Credit rating agency India Ratings and Research (Ind-Ra) has maintained an overall stable outlook for the cotton textile sector for FY16. This is led by stable spinning margins in the cotton yarn segment, range-bound cotton prices and favourable domestic and export demand for downstream fabrics and apparels. However, the outlook for cotton yarn exporters is negative due to a slowdown in demand for yarn particularly from China, leading to softer yarn realisations and lower capacity utilization, the agency saidin a press statement.

Cotton spinners’ EBITDA margins, which were hurt by inventory valuation losses on a 20 per cent decline in cotton prices in FY15, could recover in FY16 in the range of 10 per cent -13per cent. However, it would still remain lower than the FY14 levels (14 per cent -16 per cent) which benefitted due to exceptionally high Chinese demand.

Ind-Ra has revised the outlook for the synthetic textile sector to negative for FY16 from ‘negative to stable’. Unfavourable cotton-polyester staple fibre spreads have hurt substitution demand for synthetic fibres and synthetic yarn. Lower export competitiveness of Indian synthetic yarn also contributes to the subdued outlook as import and central excise duty continue on man-made fibres, the statement said.

Oversupply of cotton and cotton yarn over FY16 coupled with lower average crude prices could also cause the price of polyester fibres to decline. Ind-Ra expects contribution margins for polyester yarn to remain downcast in FY16. Margins for texturised yarns and fully drawn yarns are likely to be partly insulated due to higher value addition.

Apparel exports could continue to show a positive growth trend in FY16, driven by the improving economic outlook of buyer countries, the agency said.
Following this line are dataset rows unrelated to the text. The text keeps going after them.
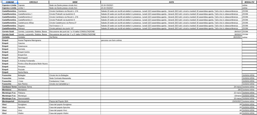 COMUNE CIRCOLO SEDE DATA MODALITA’ COLLESALVETTI UNIONE COMUNALE COLLESALVETTI 03/22/2021 0nline COLLESALVETTI Vicarello-Guasticce-Stagno VICARELLO-GUASTICCE-STAGNO 03/24/2021 0nline (1°incontro) COLLESALVETTI Collesalvetti-Nugola-Colognole COLLESALVETTI-NUGOLA-COLOGNOLE 03/25/2021 0nline COLLESALVETTI Vicarello-Guasticce-Stagno VICARELLO-GUASTICCE-STAGNO 03/29/2021 0nline (2°incontro) Cecina Unione Comunale via Croce 39 03/24/2021 online Rosignano Marittimo Rosignano Costa piazza del Risorgimento 24 Rosignano Solvay 23/3 in presenza (1° inc. h 17-19) Rosignano Marittimo Rosignano Costa piazza del Risorgimento 24 Rosignano Solvay 25/3 in presenza (2° inc. h 17-19) Rosignano Marittimo Rosignano Costa piazza del Risorgimento 24 Rosignano Solvay 24/3 online (1° inc. h 18-19.30/21.15-23) Rosignano Marittimo Rosignano Costa piazza del Risorgimento 24 Rosignano Solvay 25/3 online (2°inc. H 18-19,30/21.15-23) Livorno Ardenza La Rosa Circolo Ardenza La Rosa 20/3 in presenza Livorno San Jacopo via San Jacopo in Acquaviva 22/3 online (1° incontro) 25/3 online ( 2° incontro) Livorno Borgo Fabbricotti piazza Giovine Italia 24/3 online Livorno Borgo Fabbricotti-Centro piazza Giovine Italia 30/3 online Livorno Livorno Sud-Venezia-XXV Aprile 25/3 online San Marco Pontino-Colline CotetoEconomia Marittima-Sanità Componentistica Livorno Salviano-La Leccia Via di Salviano 03/25/21 online Livorno Collinaia-Scopaia Circolo Collinaia-Scopaia 20 marzo presenza Rosignano Marittimo Castelnuovo-Gabbro- Rosignano Marittimo Rosignano Marittimo Bibbona BIBBONA LA CALIFORNIA 03/29/21 online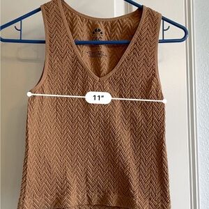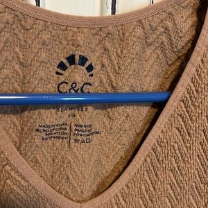 Elevate your wardrobe with this stylish C.C sleeveless top. Elastic material. Featuring a chic tan color, it's perfect for any occasion. Enjoy comfort and elegance in one piece. Size small/medium.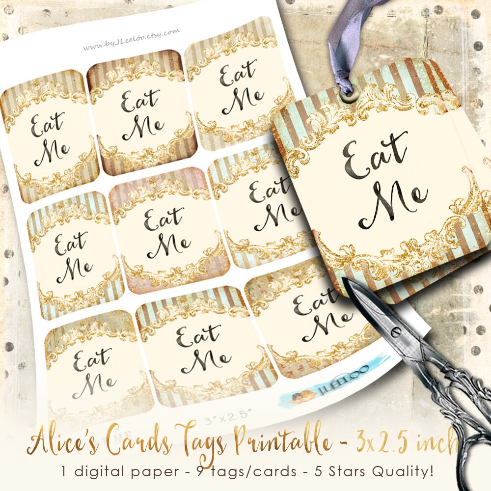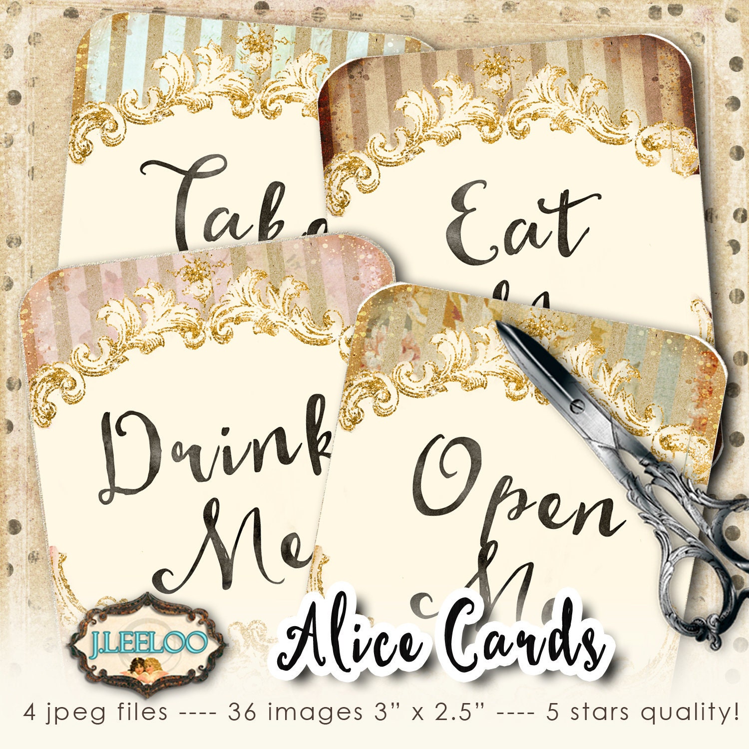 ALICE CARDS - Digital collage sheets: Alice in Wonderland cards tags download and print for hang tags, labels, scrapbook, jewelry holders, cards, and your others craft project.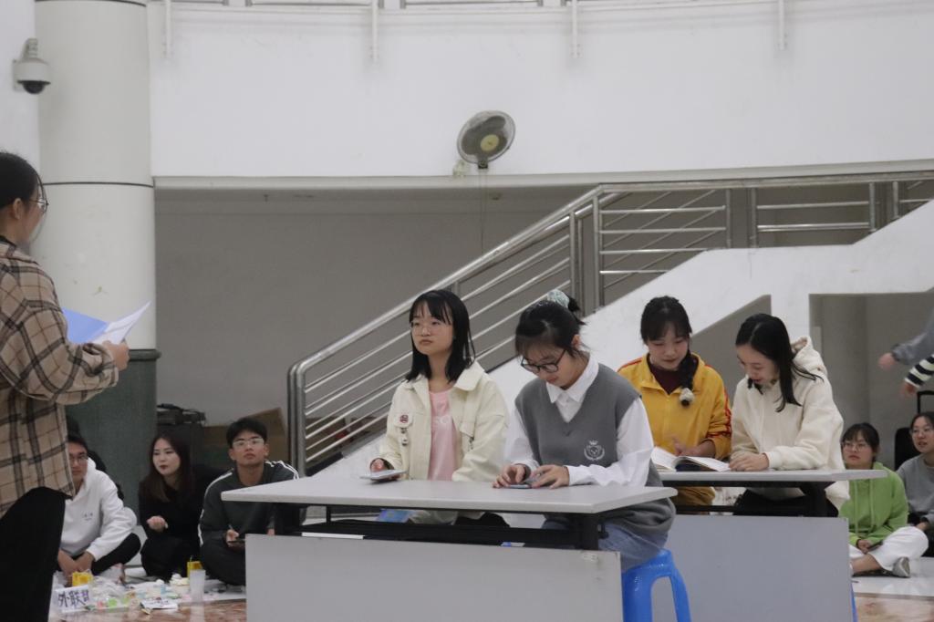 活动伊始,由两位主持人为晚会开场致辞,邓颖儿师姐发表精彩讲话。接着是来自新媒体中心摄录制作部带来的诗歌朗诵《致橡树》和舞蹈《桃花笑》,朗诵声情并茂,舞蹈活泼可爱。随后,新闻采编部带来了精彩小品《内卷风暴》,小品贴近生活,令人忍俊不禁。之后设计创作部带了精彩的合唱表演《情歌王》。至此,活动第一环节暂时结束。

India has gained out of higher wages, political instability and work place accidents in other apparel exporting nations. Although India has a small share in the global textile trade, it is well positioned to gain from weak input prices and growing demand for apparels and made-ups. The trends, if sustained in FY16, are likely to improve the financial metrics of garment manufacturers.
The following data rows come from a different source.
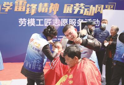 本报讯3月5日,由上海市总工会、上海市文明办、中共黄浦区委共同主办的“学雷锋精神 展劳动风采‘中国梦·劳动美’——劳模工匠志愿服务活动”在豫园商城开展。40余位劳模志愿者及劳模工匠志愿服务团队汇为周边市民带来劳模工匠志愿服务活动。理发验光、护眼护齿、法律咨询……看似寻常的40余个服务项目,却传递着不朽的雷锋精神与上海城市精神品格。 见习记者 沈媛 摄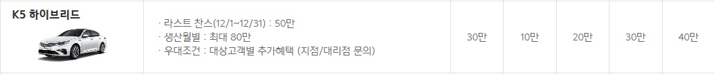 K7 프리미어 하이브리드 12월 판매조건 및 프로모션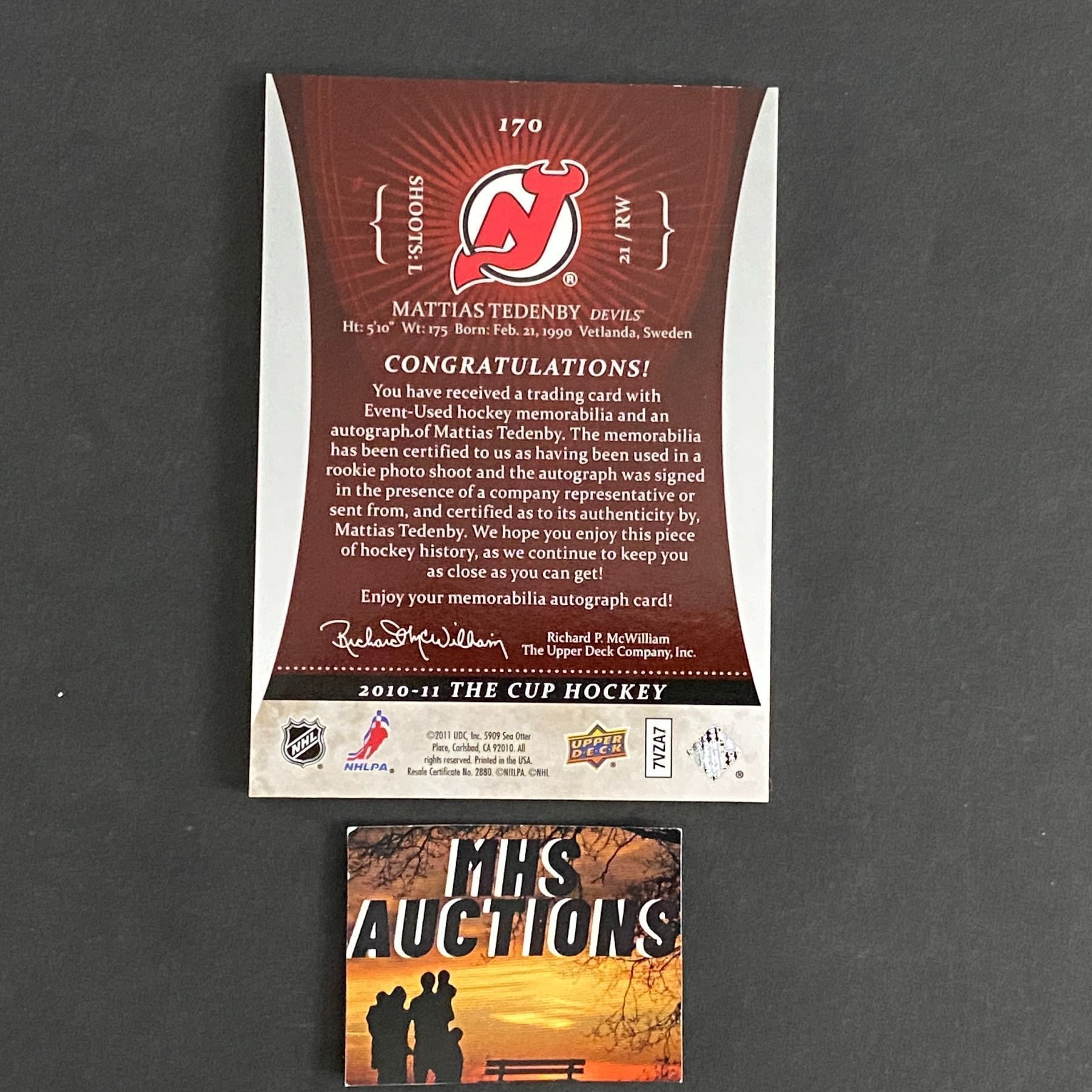 MATTIAS TEDENBY 2010-11 THE CUP JERSEY/AUTOGRAPGH ROOKIE CARD

Growth of garment manufacturers might remain largely volume led while realisations could continue to exhibit commodity and competitive pricing pressure. Companies with diversification in higher value-added products are likely to benefit from the tailwinds of input price reduction. However, commoditised products will see a pass through, and not any margin expansion.

The agency has maintained a Stable Outlook on its rated textile companies as they are likely to show ratings stability on growing domestic demand, competitiveness in apparel exports and an overall improvement in credit profile (i.e. lower gearing and leverage). Trends for FY16 in the textile sector indicate more cautious inventory management, risk aversion towards holding higher raw material stocks and focus on efficiencies in cash conversion cycle.